The recent expressions of political and religious prejudice against Mormons and the Church of Latter-Day Saints have offered Mitt Romney a chance to play the bullied underdog — and to explain, as he did with clarity and dignity during the Vegas debate, the meaning of the Constitutional prohibition against any religious test for public office. That won’t discourage Baptist conservatives or atheist entertainers like Bill Maher from making fun of Mormons and their faith, whose history and tenets certainly sound strange to outsiders.

But is there any real reason to be troubled by Romney’s religion? What does the career of the former Massachusetts governor tell us about the ideology of the LDS church — and what his personal beliefs may portend if he becomes the first Mormon in the Oval Office?

The complaint from the religious right — which has promiscuously allied itself with Mormon leaders to oppose reproductive and gay rights (and civil rights in an earlier era) — is that the LDS church does not conform to the tenets of Christianity as they see it. Pastor Robert Jeffress, the man whose anti-Mormon crusading has now taken him onto late-night television and the opinion pages of the Washington Post, says he prefers a “committed Christian,” but doesn’t say why or what that precisely means. Mormons may not share all of the tenets of Baptist or Methodist Christianity, but neither do Catholics or Episcopalians, yet Jeffress doesn’t seem to worry much about their role in public life.
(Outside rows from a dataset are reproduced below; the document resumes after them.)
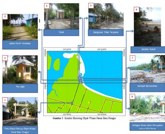
Gambar 2. Kondisi Eksisting Objek Wisata Pantai Batu Pinagut

Objek wisata pantai Batu Pinagut dikelola oleh Dinas Perhubungan Pariwisata komunikasi dan Informasi tanpa ada campur tangan stakeholder lain. Namun pihak pemerintah belum memungut kontribusi masuk kepada pengunjung yang datang, sehingga belum ada pemasukan dalam pengelolaan objek wisata Pantai Batu Pinagut baik segi keamanan, kebersihan dan penambahan fasilitas. Berbagai fasilitas seperti pintu gerbang, pos jaga, MCK dan gazebo telah dibangun oleh Pemerintah, akan tetapi dalam penggunaannya tidak dipergunakan maksimal karena berbagai hal seperti pos jaga yang seharusnya ditempati oleh petugas keamanan ataupun petugas pemungutan retribusi masuk tidak dipergunakan semestinya, toilet yang dibangun tidak terdapat air melainkan harus menimba di sumur bagian depan toilet, dari 12 gazebo yang telah dibangun hanya tersisa 6 yang masih berdiri hal ini dikarenakan abrasi pantai yang menggerus pasir sehingga mengikis tumpuan gazebo dan akhirnya roboh.
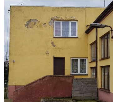
Elewacja W (część mieszkalna)
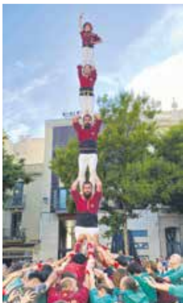
Pilar de 5 dels Capgirats. || CAPGIRATS

La colla celebra la incorporació de canalla però reconeix que la pandèmia encara cueja
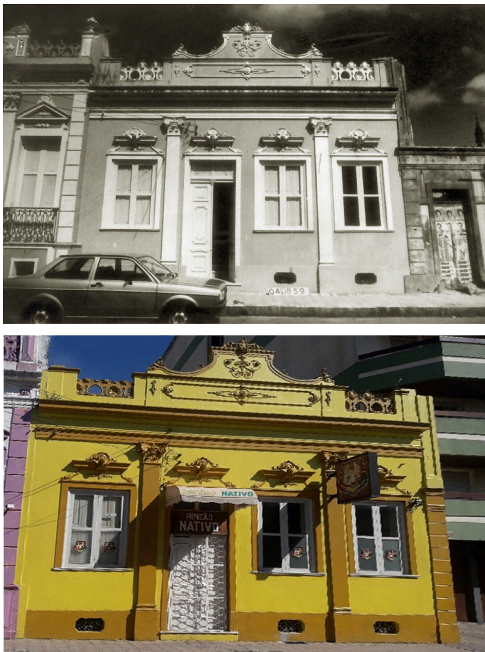
Figura 7: Exemplo de análise comparativa, de imóvel de tipologia Corredor Central, denominado “Corredor Central-03” e classificado no método com grau I; em 1987 (em cima), e em 2018 (embaixo).

Já no grau I, foram inseridas boa parte das edificações da amostragem e, todas somaram entre 1,1 a 3,0 pontos. Neste grau, nas 10 edificações enquadradas, ainda constam edificações com ótima preservação, no entanto, com maior incidência de descaracterizações leves, porém, não tão invasivas a ponto de afetar a leitura da obra. Conforme a ilustra a análise comparativa da Figura 7, foi identificado a presença de três elementos descaracterizantes, sendo a: inserção de toldo, grades e aparato publicitário.

On issues that implicate morality, sexuality, and family, the Mormons are just as “conservative” and consider themselves to be Christians, too. They officially abandoned polygamy many years ago — and they seem to succeed more consistently in adhering to what they preach than many of their more orthodox brethren, if surveys of divorce, addiction, and teen pregnancy are accurate.

Those conservative principles, along with a history of extremist positions adopted by the Mormon hierarchy, have encouraged the perception of the LDS church as an ideological bulwark of the far right. The ultra-craziness of Glenn Beck, himself a Mormon and a promoter of wacky LDS political theorists, has not improved that image. In practice, however, the Mormons welcome or at least permit a much broader spectrum of political and ideological affiliations within their ranks, even among the elected officials who share their faith. The highest ranking Mormon in public office today, for instance, is Senate Majority Leader Harry Reid of Nevada, a liberal Democrat demonized by the Tea Party and the Republicans, who spent millions trying to defeat him last year.
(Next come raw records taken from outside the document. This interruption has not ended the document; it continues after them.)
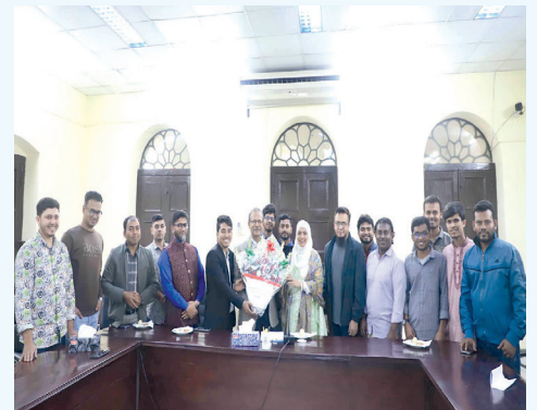
উপাচার্য ও ট্রেজারার এর সাথে ফুলেল শুভেচ্ছা বিনিময় করছেন নবনির্বাচিত সাংবাদিক সমিতির সদস্যগণ

উপাচার্য ও ট্রেজারার এর সাথে ফুলেল শুভেচ্ছা বিনিময় করেন নবনির্বাচিত সাংবাদিক সমিতির সদস্যগণ। উপাচার্য নবনির্বাচিত কমিটিকে আন্তরিক অভিনন্দন জানান এবং সাংবাদিকতার আদর্শ ও নৈতিকতা বজায় রেখে বিশ্ববিদ্যালয়ের ইতিবাচক ভাবমূর্তি তুলে ধরার আহ্বান জানান। সাক্ষাৎকালে উপাচার্য বিশ্ববিদ্যালয়ের সামগ্রিক উন্নয়ন, শিক্ষা ও গবেষণার অগ্রগতি এবং প্রশাসনের বিভিন্ন কার্যক্রমের স্বচ্ছতা ও গতিশীলতা বৃদ্ধিতে সাংবাদিকদের ভূমিকার ওপর গুরুত্বারোপ করেন।
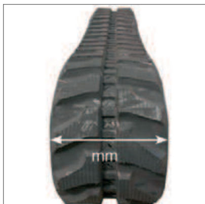
Szerokość (w mm)
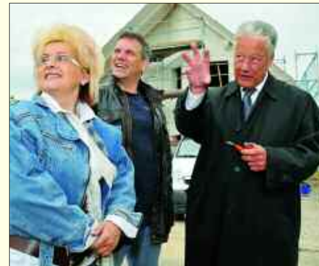
Das 20jährige Jubiläum der Bau & Ausbau GmbH Zahna wurde beim 700. Richtfest eines schlüsselfertigen Hauses gefeiert, in Anwesenheit von Björn Engholm, Vorstand des Vereins „Das Europäische Markenhaus“ e.V.

Chancen sehen und nutzen – die Maxime der Bau und Ausbau GmbH Zahna. Das war am 1. Juli 1990 schon so, als sich die Firma in turbulenten Wendezeiten gründete. Seit dem Jahre 2000 ist das Zahnaer Unternehmen in der Hauptsache auf die Erstellung und den Verkauf von schlüsselfertigen Ein- und Mehrfamilienhäusern ausgerichtet. Wie die Referenzen belegen, ist es auch für jegliche Form des Umbaus und der Sanierung von Altimmobilen ein kompetenter Partner. Einen Namen hat sich die Bau und Ausbau GmbH Zahna ebenso im Denkmalschutz mit so spektakulären Objekten wie dem Cranachhaus und der Hundertwasserschule in der Lutherstadt Wittenberg, gemacht. Die Firma Bau & Ausbau GmbH Zahna, von ihren Bauherren liebevoll „Zahnabau“ genannt, ist ein klassischer, eingetragener Handwerksbetrieb. Viele Außenstellen, beispielsweise das Büro Ludwigsfelde, Nuthedamm 4, stehen den Kunden zur ortsnahen Betreuung, auch nach Fertigstellung, zur Verfügung. Seit dem 1. August 2003 gehört das Unternehmen, als eine der ersten Firmen in den neuen Bundesländern, dem Qualitätsverband Wohnsiegel – „Das Europäische Markenhaus“ e.V., an. Ein umfangreiches Prüfungsverfahren in den Punkten Qualität, Innovation, Bonität, Liquidität und Bauherrenzufriedenheit ging der Aufnahme voraus. Der Verband selbst versteht sich bundesweit als Schutzpatron aller Häuslebauer. In-
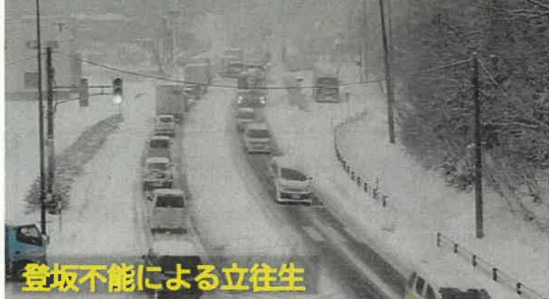
登坂不能による立往生

The best example of Mormonism’s political flexibility, of course, is Romney’s own career (and that of his father, the late Michigan governor who was hardly a hardliner), which veered from the most liberal Republicanism to the harsh conservatism he currently espouses. As an LDS bishop in Boston two decades ago, he staunchly opposed abortion; then a few years later, he became pro-choice when he ran for the Senate against Democrat Ted Kennedy; and then shifted again when he began to aspire to his party’s presidential nomination. Along the way, he designed and legislated a health-care program that ensures coverage to almost every citizen of Massachusetts, and now repudiates that program (more or less) as an invention of Bay State Democrats.

The Romneys trace their family lineage to the roots of the LDS movement, and today Mitt Romney stands at the pinnacle of wealth and influence in his church. His shape-shifting politics prove that however conservative most Mormons may be, they resemble every other American religious group in tolerating a wide assortment of political views within their ranks — especially among politicians who succeed in achieving power. There are many reasons for concern about Romney’s character — including his hollow dissembling — but religion is not among them.